Consideration of the other three factors also leads to the conclusion that prevailing employee plaintiffs should ordinarily recover attorney’s fees from ERISA defendants. In this case the trust defendant chose to oppose Smith’s interpretation of the pension plan and section 203(a), the nonforfeiture provision of ERISA. 29 U.S.C. § 1053(a). See Smith v. CMTA Pension Trust, 654 F.2d at 656-66. An award of reasonable attorney’s fees would deter trustees from opposing employee participant claims if the amount of the claim and the reasonableness of the employee’s claim are such that the plaintiff’s chances of success are great.
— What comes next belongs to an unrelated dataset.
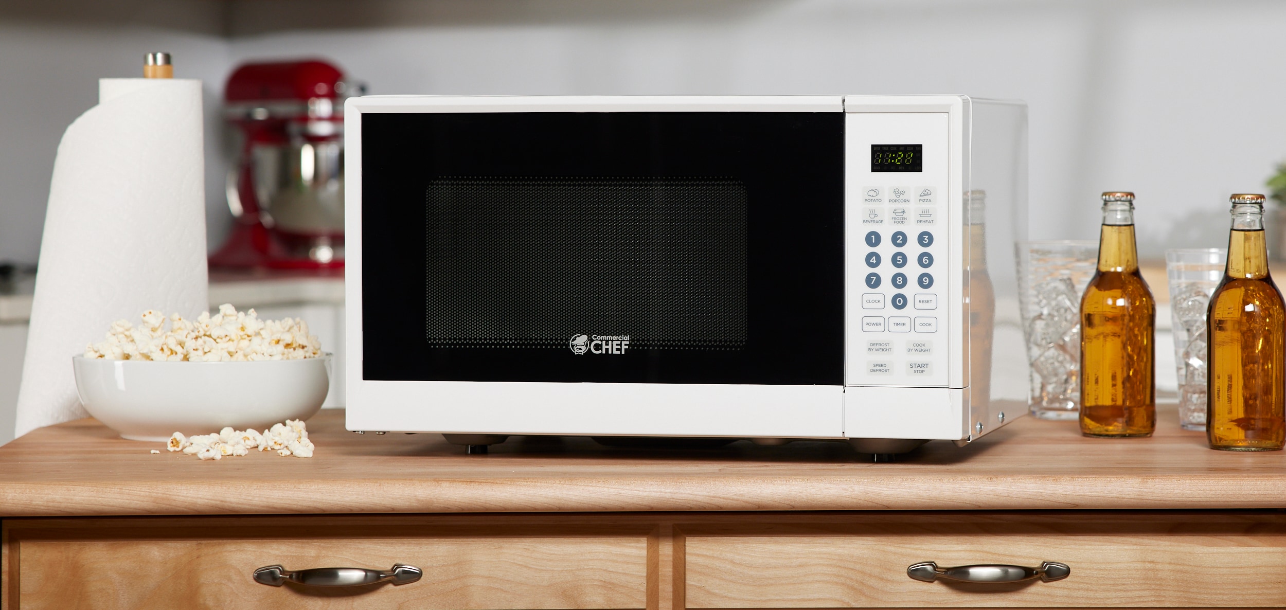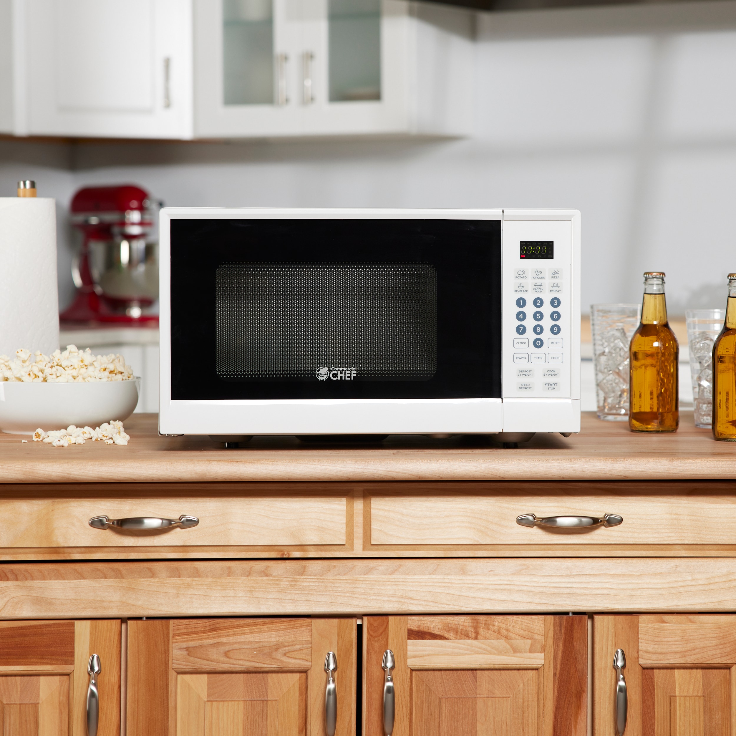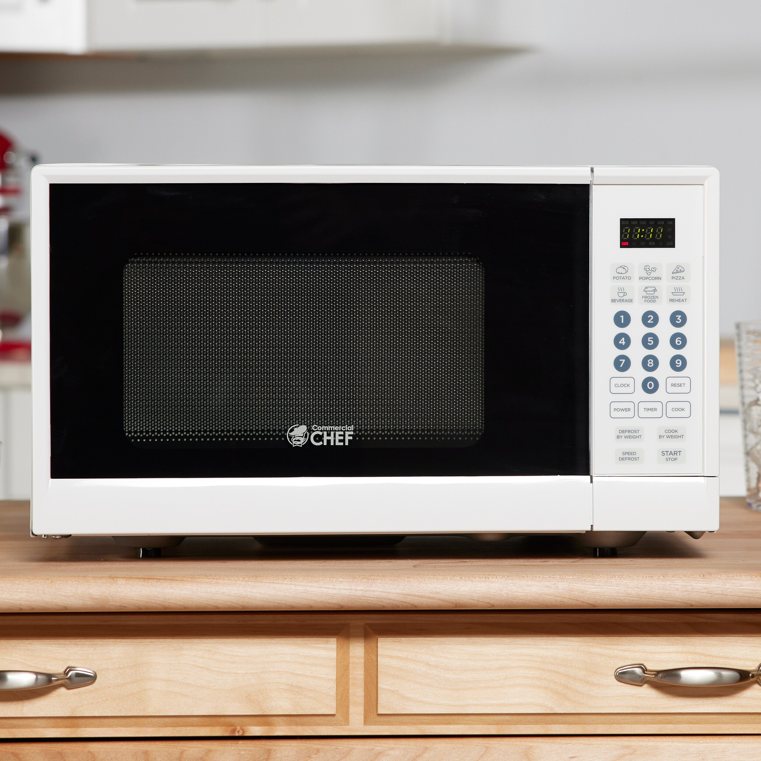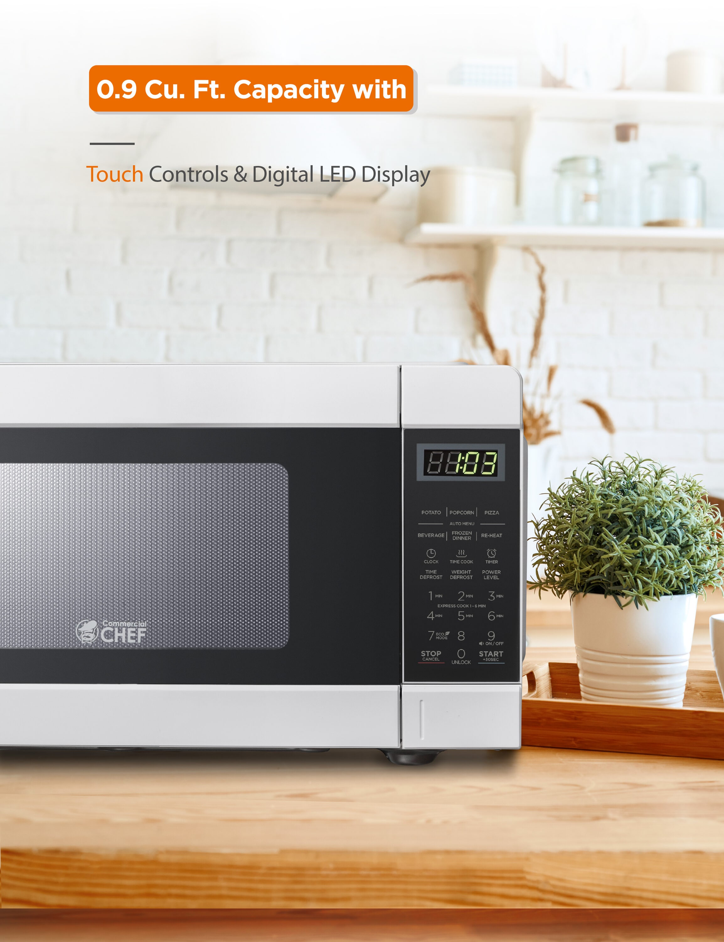 With the Commercial Chef CHMH990W you get all the right features. This countertop microwave delivers 900 watts of power and the quality that the Commercial Chef name is known for. 10 power levels let you cook or reheat a variety of foods just right. The keypad controls give you the option of inputting precise cooking times, and the clear LED display lets you know exactly how much time is left. Six one touch quick cook buttons for items like popcorn and frozen dinners add to the convenience, and the child safety lock ensures the microwave is not used without supervision. A great addition to any busy family’s kitchen.

If the employee’s claim is frivolous, however, the trust will not be deterred from denying the claim as it would not run the same risk of liability for a judgment or for fees. On the other hand, when the positions of both parties have some merit, as in this case, a decision clarifying the terms of a plan after litigation would “benefit all participants and beneficiaries” by settling a disputed provision or an ambiguity. This would be helpful to the trustees in future administration, but “often depend[s] on a plaintiff’s initiative in bringing suit.” Carpenters Southern California Administrative Corp. v. Russell, 726 F.2d at 1416.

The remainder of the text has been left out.